Requirement: Reproduce exactly, from the data that follows, the line with "会上,辅导员带领同学们了解了", the line with "Bảng 10 : Những", and every line that lies between them.

Extracted entries:
*** Begin section ***
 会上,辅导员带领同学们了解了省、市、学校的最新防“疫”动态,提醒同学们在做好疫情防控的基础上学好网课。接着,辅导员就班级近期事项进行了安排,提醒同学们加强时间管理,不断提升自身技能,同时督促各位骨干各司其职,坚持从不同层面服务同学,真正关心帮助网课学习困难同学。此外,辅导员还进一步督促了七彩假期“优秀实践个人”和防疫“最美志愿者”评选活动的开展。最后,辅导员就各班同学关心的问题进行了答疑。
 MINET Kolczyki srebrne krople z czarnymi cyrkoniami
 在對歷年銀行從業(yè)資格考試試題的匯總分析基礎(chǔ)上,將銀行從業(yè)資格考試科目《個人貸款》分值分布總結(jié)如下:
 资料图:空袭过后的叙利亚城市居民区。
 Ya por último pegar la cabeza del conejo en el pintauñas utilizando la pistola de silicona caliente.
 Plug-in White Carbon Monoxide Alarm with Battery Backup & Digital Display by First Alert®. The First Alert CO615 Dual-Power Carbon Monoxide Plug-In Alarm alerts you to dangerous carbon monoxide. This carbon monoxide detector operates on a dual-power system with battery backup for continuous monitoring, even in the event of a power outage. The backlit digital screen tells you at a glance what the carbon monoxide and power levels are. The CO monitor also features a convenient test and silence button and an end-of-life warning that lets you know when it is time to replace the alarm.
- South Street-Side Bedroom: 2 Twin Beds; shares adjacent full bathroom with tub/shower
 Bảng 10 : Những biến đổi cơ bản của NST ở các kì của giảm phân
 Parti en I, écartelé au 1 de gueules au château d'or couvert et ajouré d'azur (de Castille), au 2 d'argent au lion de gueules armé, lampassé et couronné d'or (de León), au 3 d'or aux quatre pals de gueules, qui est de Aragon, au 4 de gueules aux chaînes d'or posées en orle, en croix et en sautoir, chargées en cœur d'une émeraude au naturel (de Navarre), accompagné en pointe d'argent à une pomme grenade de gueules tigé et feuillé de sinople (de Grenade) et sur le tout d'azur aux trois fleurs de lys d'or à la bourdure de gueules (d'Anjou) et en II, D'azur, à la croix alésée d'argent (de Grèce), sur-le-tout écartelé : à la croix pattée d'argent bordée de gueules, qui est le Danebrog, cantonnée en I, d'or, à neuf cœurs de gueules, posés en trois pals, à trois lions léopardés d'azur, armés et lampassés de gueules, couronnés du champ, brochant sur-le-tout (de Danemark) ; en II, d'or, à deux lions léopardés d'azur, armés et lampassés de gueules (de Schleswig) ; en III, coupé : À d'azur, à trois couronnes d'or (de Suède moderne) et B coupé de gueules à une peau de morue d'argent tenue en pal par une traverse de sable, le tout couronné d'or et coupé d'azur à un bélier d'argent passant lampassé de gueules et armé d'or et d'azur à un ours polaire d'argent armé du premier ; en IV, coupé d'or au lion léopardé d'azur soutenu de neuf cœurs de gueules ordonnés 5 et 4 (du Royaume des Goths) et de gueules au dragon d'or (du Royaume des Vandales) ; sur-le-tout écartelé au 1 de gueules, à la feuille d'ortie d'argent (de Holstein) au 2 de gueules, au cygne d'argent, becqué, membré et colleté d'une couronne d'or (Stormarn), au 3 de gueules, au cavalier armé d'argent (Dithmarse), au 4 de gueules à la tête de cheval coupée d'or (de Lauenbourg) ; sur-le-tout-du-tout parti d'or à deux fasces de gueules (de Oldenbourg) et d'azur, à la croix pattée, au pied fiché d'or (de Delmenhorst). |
*** End section ***
*** Begin section ***
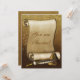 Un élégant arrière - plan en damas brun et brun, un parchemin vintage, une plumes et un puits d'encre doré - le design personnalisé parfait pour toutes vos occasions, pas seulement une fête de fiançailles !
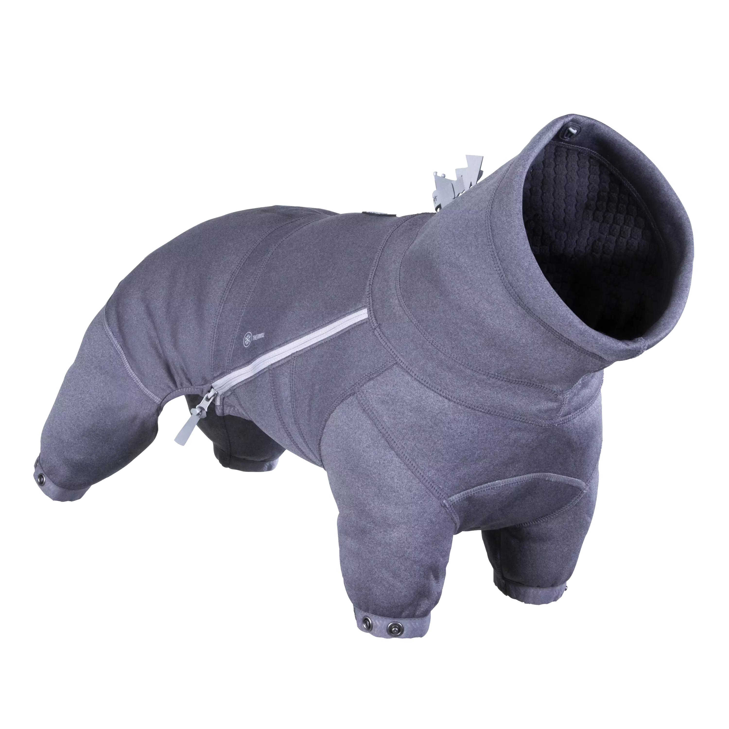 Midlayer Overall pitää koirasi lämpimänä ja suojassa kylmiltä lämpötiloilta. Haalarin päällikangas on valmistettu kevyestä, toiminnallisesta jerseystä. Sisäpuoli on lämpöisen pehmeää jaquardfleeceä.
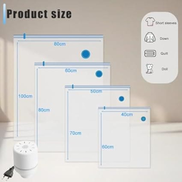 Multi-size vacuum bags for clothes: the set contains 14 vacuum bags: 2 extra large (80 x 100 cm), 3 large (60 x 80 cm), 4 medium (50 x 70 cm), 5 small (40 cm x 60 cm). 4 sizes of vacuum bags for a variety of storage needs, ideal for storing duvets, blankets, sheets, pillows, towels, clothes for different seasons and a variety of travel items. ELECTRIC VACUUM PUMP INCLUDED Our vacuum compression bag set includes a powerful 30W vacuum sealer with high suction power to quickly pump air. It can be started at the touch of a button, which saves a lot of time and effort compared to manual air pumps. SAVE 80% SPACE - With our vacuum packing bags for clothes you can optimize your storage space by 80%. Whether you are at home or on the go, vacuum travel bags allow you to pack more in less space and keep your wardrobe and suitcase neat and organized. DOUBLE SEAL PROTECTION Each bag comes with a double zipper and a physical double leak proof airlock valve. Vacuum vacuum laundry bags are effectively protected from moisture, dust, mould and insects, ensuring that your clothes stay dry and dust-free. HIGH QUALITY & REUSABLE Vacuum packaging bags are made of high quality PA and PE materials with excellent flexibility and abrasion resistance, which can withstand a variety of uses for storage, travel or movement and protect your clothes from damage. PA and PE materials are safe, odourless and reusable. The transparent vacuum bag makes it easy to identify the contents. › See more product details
*** End section ***
Result for this exercise:
 会上,辅导员带领同学们了解了省、市、学校的最新防“疫”动态,提醒同学们在做好疫情防控的基础上学好网课。接着,辅导员就班级近期事项进行了安排,提醒同学们加强时间管理,不断提升自身技能,同时督促各位骨干各司其职,坚持从不同层面服务同学,真正关心帮助网课学习困难同学。此外,辅导员还进一步督促了七彩假期“优秀实践个人”和防疫“最美志愿者”评选活动的开展。最后,辅导员就各班同学关心的问题进行了答疑。
 MINET Kolczyki srebrne krople z czarnymi cyrkoniami
 在對歷年銀行從業(yè)資格考試試題的匯總分析基礎(chǔ)上,將銀行從業(yè)資格考試科目《個人貸款》分值分布總結(jié)如下:
 资料图:空袭过后的叙利亚城市居民区。
 Ya por último pegar la cabeza del conejo en el pintauñas utilizando la pistola de silicona caliente.
 Plug-in White Carbon Monoxide Alarm with Battery Backup & Digital Display by First Alert®. The First Alert CO615 Dual-Power Carbon Monoxide Plug-In Alarm alerts you to dangerous carbon monoxide. This carbon monoxide detector operates on a dual-power system with battery backup for continuous monitoring, even in the event of a power outage. The backlit digital screen tells you at a glance what the carbon monoxide and power levels are. The CO monitor also features a convenient test and silence button and an end-of-life warning that lets you know when it is time to replace the alarm.
- South Street-Side Bedroom: 2 Twin Beds; shares adjacent full bathroom with tub/shower
 Bảng 10 : Những biến đổi cơ bản của NST ở các kì của giảm phân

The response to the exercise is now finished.